Information supplied
= = = = = = =

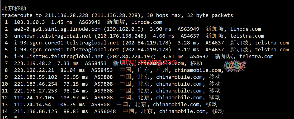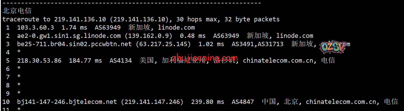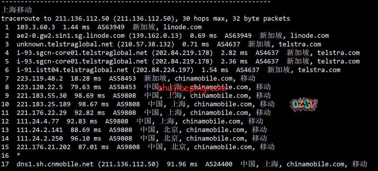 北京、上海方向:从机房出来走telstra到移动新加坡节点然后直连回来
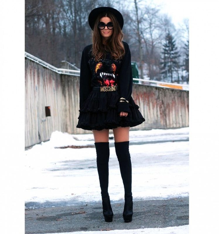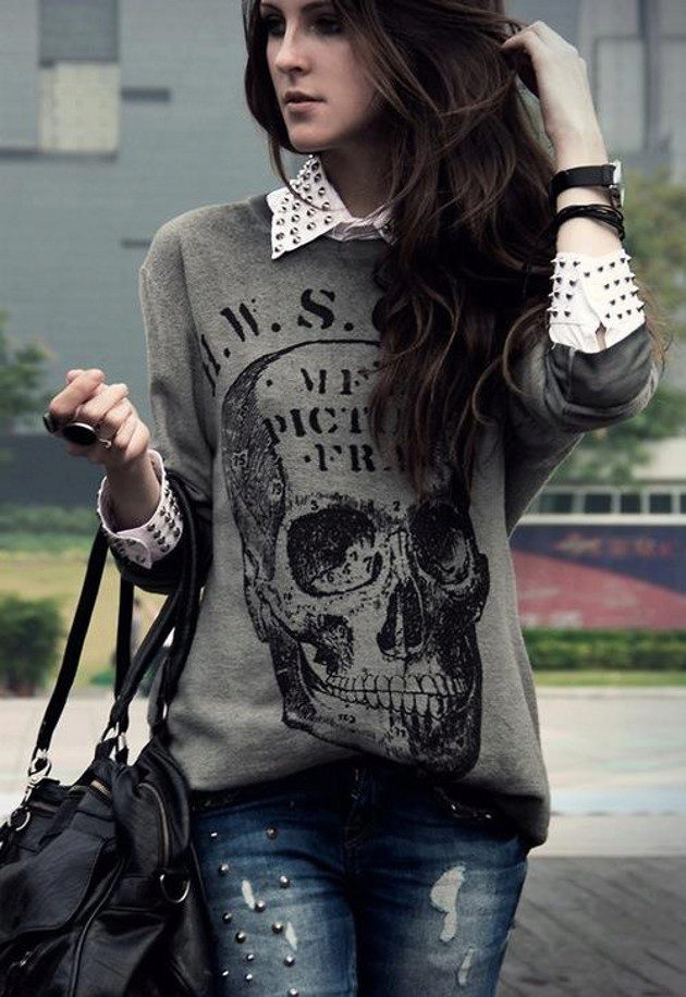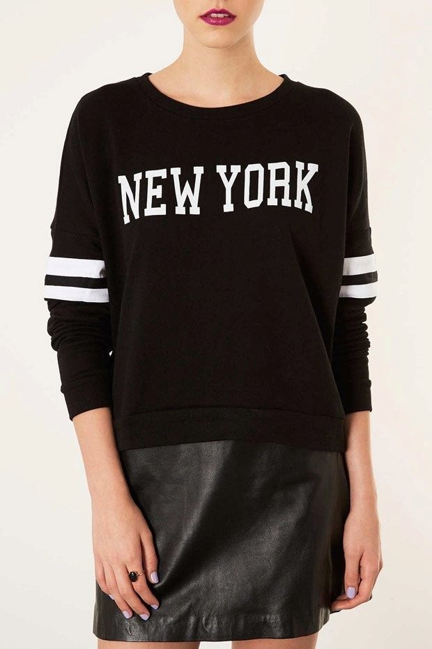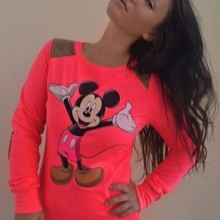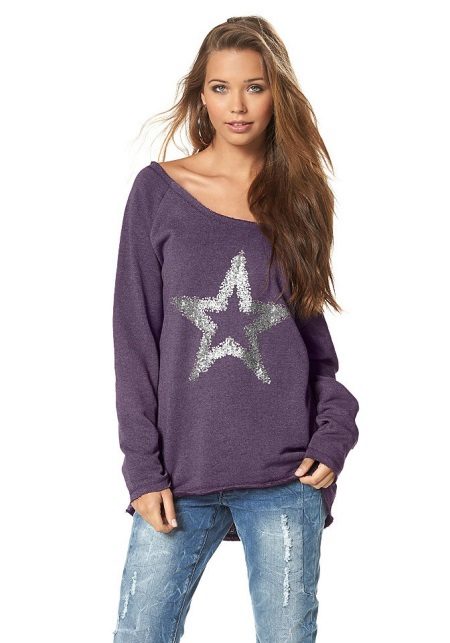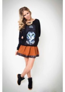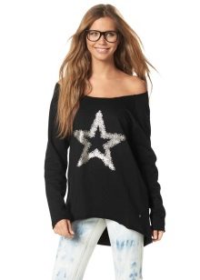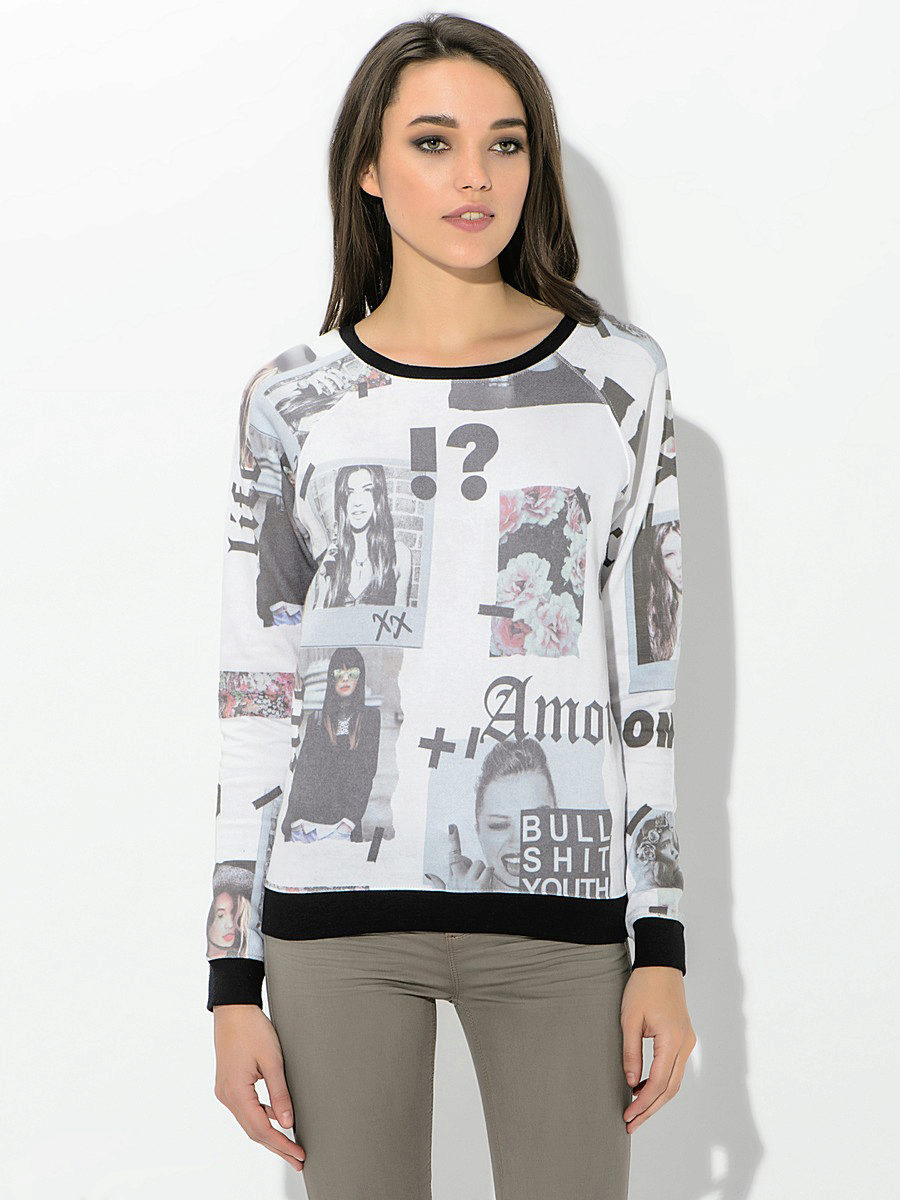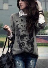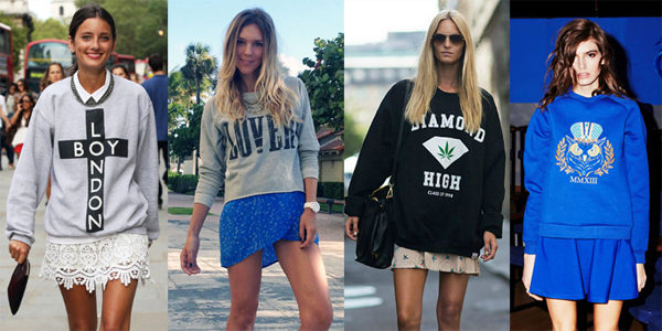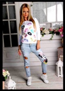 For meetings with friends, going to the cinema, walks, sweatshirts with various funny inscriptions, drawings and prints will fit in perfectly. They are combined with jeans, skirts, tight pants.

= = = = = = =

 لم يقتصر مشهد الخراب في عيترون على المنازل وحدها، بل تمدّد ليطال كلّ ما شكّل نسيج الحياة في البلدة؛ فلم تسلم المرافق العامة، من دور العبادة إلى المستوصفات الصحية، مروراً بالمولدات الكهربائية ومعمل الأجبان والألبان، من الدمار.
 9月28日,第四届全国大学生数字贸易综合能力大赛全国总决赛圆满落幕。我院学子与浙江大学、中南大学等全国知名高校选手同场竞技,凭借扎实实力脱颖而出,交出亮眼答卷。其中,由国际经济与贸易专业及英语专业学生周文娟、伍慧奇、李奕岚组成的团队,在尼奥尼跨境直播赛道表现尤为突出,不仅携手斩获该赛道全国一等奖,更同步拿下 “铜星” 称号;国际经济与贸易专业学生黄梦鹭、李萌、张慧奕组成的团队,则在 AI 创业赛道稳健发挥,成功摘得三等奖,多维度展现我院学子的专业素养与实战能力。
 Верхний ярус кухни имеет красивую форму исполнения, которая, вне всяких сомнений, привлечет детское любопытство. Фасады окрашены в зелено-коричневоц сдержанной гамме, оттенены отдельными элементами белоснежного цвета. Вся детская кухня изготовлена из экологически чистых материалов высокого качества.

= = = = = = =

What needs to be done
Quote the lines above exactly, starting with the one that has "北京、上海方向:从机房出来走telstra到移动新加坡节点然后直连回来" and ending with the one that has "For meetings with"; drop the pictures and include nothing else.

Exercise solution
 北京、上海方向:从机房出来走telstra到移动新加坡节点然后直连回来
 For meetings with friends, going to the cinema, walks, sweatshirts with various funny inscriptions, drawings and prints will fit in perfectly. They are combined with jeans, skirts, tight pants.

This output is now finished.